WORK REQUEST >> The expected answer is the set of lines in the data below between the line holding "Funda de Cuero" and the line holding "Kyivpolygraphmash JSC created", inclusive, written out exactly.

DATA FOR REVIEW >>
━━━━━━━━━━━━━━━━━━━━━━━━━━━━━━

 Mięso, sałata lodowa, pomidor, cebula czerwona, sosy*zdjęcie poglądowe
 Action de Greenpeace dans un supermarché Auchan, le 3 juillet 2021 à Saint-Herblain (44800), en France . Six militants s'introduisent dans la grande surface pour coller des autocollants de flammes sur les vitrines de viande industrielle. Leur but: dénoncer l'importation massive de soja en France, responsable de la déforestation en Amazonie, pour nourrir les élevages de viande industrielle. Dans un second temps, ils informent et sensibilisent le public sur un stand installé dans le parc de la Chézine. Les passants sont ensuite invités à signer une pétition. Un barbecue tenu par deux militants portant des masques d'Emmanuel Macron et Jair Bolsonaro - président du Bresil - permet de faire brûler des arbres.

━━━━━━━━━━━━━━━━━━━━━━━━━━━━━━

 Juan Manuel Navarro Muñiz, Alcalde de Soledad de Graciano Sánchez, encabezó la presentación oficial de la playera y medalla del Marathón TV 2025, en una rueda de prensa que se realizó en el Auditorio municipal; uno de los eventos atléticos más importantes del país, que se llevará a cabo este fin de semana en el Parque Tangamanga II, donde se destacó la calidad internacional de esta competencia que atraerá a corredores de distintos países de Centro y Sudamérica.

━━━━━━━━━━━━━━━━━━━━━━━━━━━━━━

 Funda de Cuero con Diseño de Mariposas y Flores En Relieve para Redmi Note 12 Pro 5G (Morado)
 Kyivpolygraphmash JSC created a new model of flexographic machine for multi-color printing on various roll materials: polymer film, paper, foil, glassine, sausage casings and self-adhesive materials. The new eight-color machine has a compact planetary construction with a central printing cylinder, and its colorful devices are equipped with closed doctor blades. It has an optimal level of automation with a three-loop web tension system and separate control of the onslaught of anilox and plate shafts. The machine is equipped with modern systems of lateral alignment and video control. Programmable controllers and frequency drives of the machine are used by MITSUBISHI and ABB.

━━━━━━━━━━━━━━━━━━━━━━━━━━━━━━

COMPLETED EXERCISE >>
 Funda de Cuero con Diseño de Mariposas y Flores En Relieve para Redmi Note 12 Pro 5G (Morado)
 Kyivpolygraphmash JSC created a new model of flexographic machine for multi-color printing on various roll materials: polymer film, paper, foil, glassine, sausage casings and self-adhesive materials. The new eight-color machine has a compact planetary construction with a central printing cylinder, and its colorful devices are equipped with closed doctor blades. It has an optimal level of automation with a three-loop web tension system and separate control of the onslaught of anilox and plate shafts. The machine is equipped with modern systems of lateral alignment and video control. Programmable controllers and frequency drives of the machine are used by MITSUBISHI and ABB.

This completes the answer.